Он провел ее в свой кабинет и, не одевшись, даже халата не накинув, стал рыться в ящиках стола, вышвыривая на пол одну бумагу за другой. Обещанное письмо все не попадалось. Очевидно, Шолохов не написал его, но забыл об этом. Она сказала: не надо рыться в столе, она зайдет в следующий раз, пусть он только скажет — когда. Он не пустил ее.

— Было же, Аннушка. Где-то лежит...

И продолжал ожесточенно расшвыривать бумаги.

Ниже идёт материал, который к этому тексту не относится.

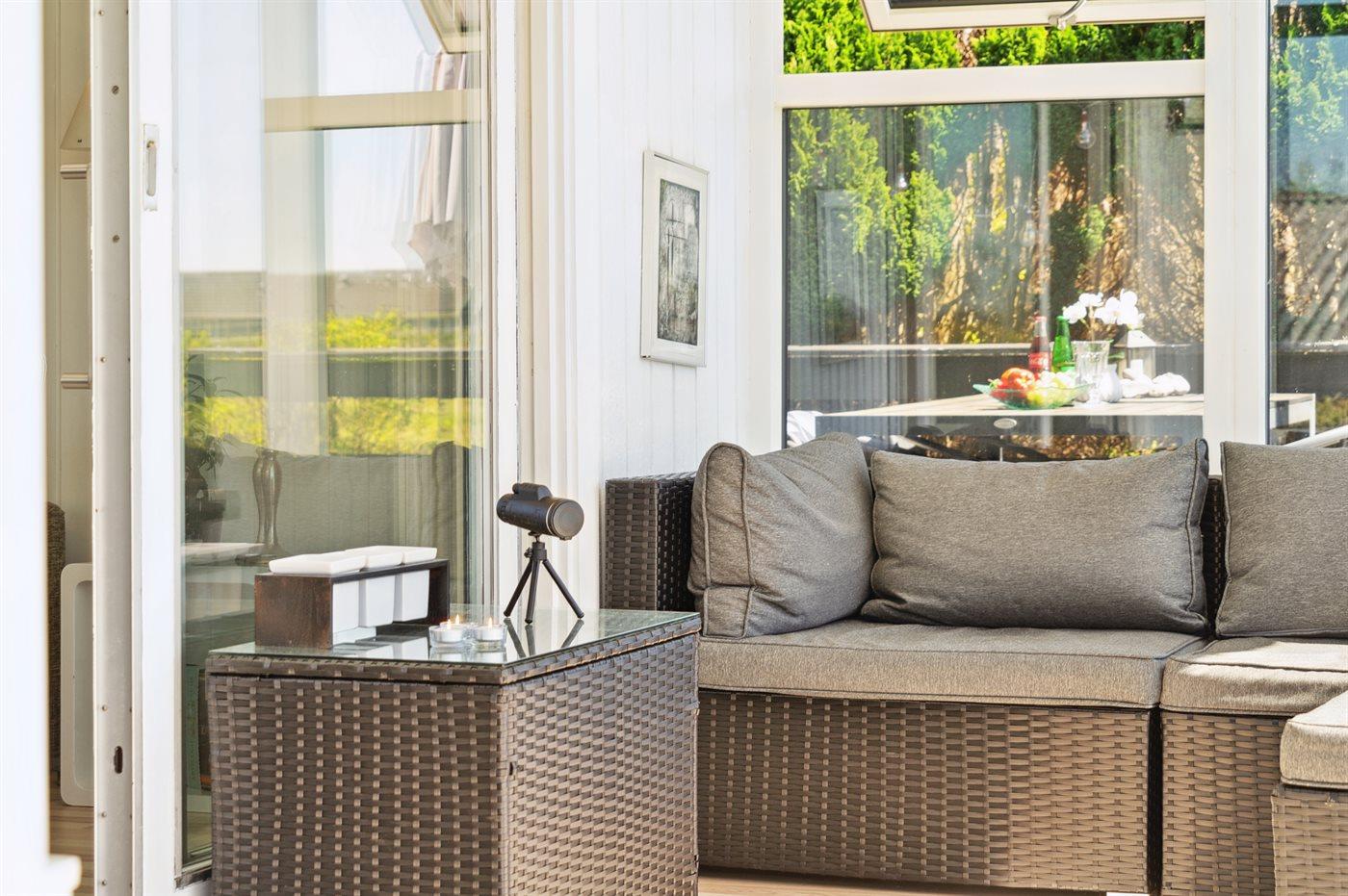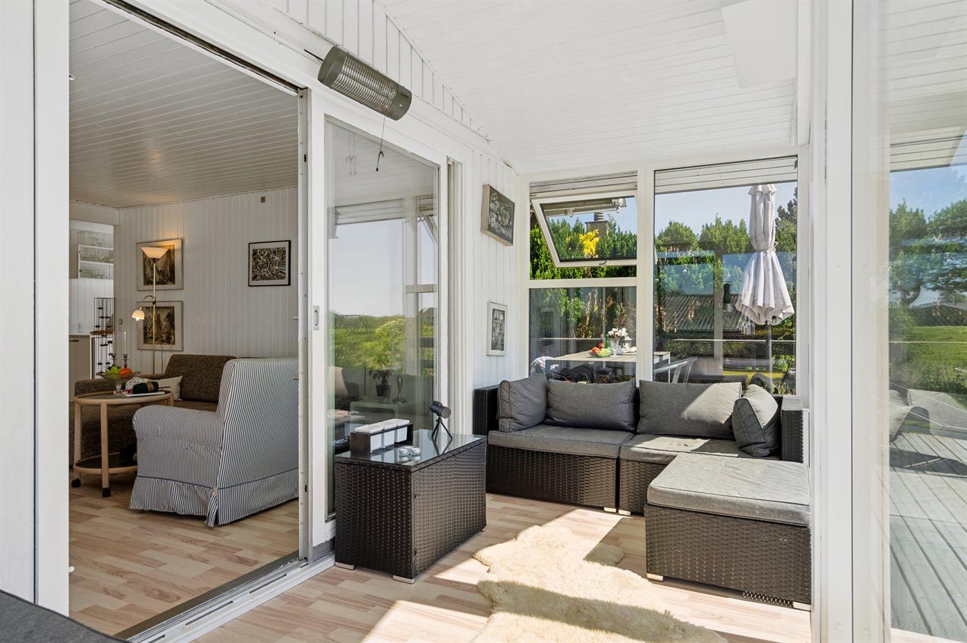 Særligt er husets udestue værd at fremhæve. Her sidder man varmt til langt ud på aftenen, mens man kan følge solnedgangen og lytte til bølgerne fra vandet. Det bliver ikke meget bedre.
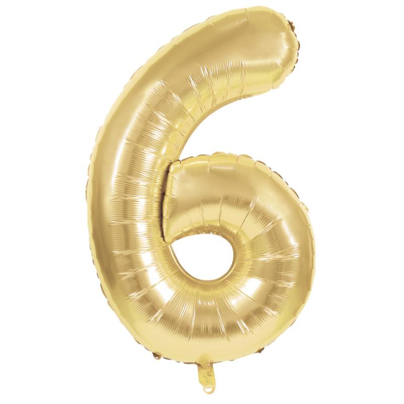 Ballon alu chiffre 6 Or aux dimensions de 19 x 36 cm.
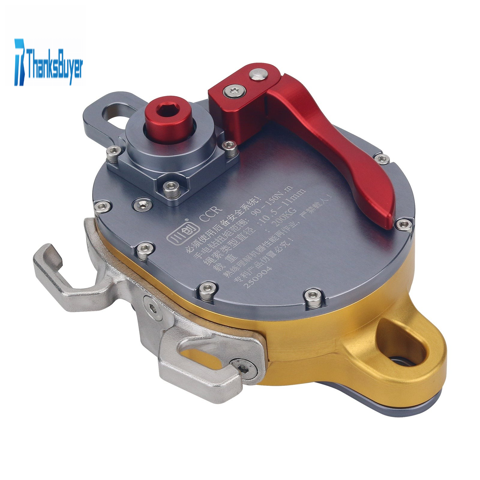 The CCD and CCR series are drill-powered rope control systems engineered for heavy-duty rigging and industrial rescue applications. Equipped with stainless steel sheaves and self-locking rollers, they are compatible with 10.5–11 mm static ropes. Each unit has a tested pull capacity of 510 kg (recommended working load: 200 kg) and complies with China's XF494-2004 fire rescue standard.

Обещанное письмо отыскалось на дне одного из ящиков. Шолохов вручил его Ахматовой и широко зевнул:

— Отправляй. А я — извини — посплю.

И, как был, не собирая разбросанных по полу бумаг, повалился на диван.

Уже не скажу, показала ли мне Ахматова то письмо, но как расстроганно блестели ее глаза, как взволнованно подрагивал голос, когда она говорила о пьяном Шолохове — помню.

Второй темой бесед была поэзия. Ахматова привезла с собой французскую книжку — переводила чью-то повесть для советского издательства. Не знаю, почему она не дала мне своего цикла стихотворений о сыне, возможно, не захватила их с собой в Москву: по тем временам они были небезопасны. Но она дала мне — и не на один вечер — «Поэму без героя».

Название не корреспондировало сути: герой в поэме был — сама Анна Андреевна. Помню такие строки:

И моей двусмысленной славе,
Двадцать лет лежащей в канаве,
Я не так еще послужу!

Я читал и перечитывал поэму (к сожалению, ничего не переписывал) —упивался лучшими строчками, твердил, запоминал, но так и не запомнил самые выразительные главы. Меня восхищали нежные мелодии, тревожило колокольное вступление и блестящие картины бала-маскарада с его веселыми и трагическими масками и огромной силы сцены самоубийства юного поклонника, застрелившегося у ее квартиры в момент прощания.

И лицом на порог —
Да простит тебе бог!

Превосходно была передана общественная тревога, охватившая окружение Ахматовой перед войной — ожидание крушения и непроизвольное стремление ускорить бурю, которая, возможно, несет тебе гибель. Вполне по старой формуле: «Лучше страшный конец, чем страх без конца». Не уверен, что Ахматова точно передала реаль­ные настроения того времени, но если это была подправленная последующими событиями реминисценция, то, во всяком случае, стихи звучали вели­колепно, а для меня это было главным.

Полный вечер мы говорили с ней о «Поэме без героя». Она охотно выслушивала мои восторги, расшифровывала автонимы (помню, что и Николай Степанович упоминался, и юноша Князев, и многие другие). Как все настоящие поэты, она объективировала себя, становилась для самой себя персонифицированным литературным явлением — и поэтому с Ахматовой можно было говорить о ней как о некоем объекте, отличном от нее, сидящей на диванчике. Но в понимание себя, кроме литературоведческой оценки, подправленной самолюбием, она вносила и типично женский взгляд — как бы со стороны.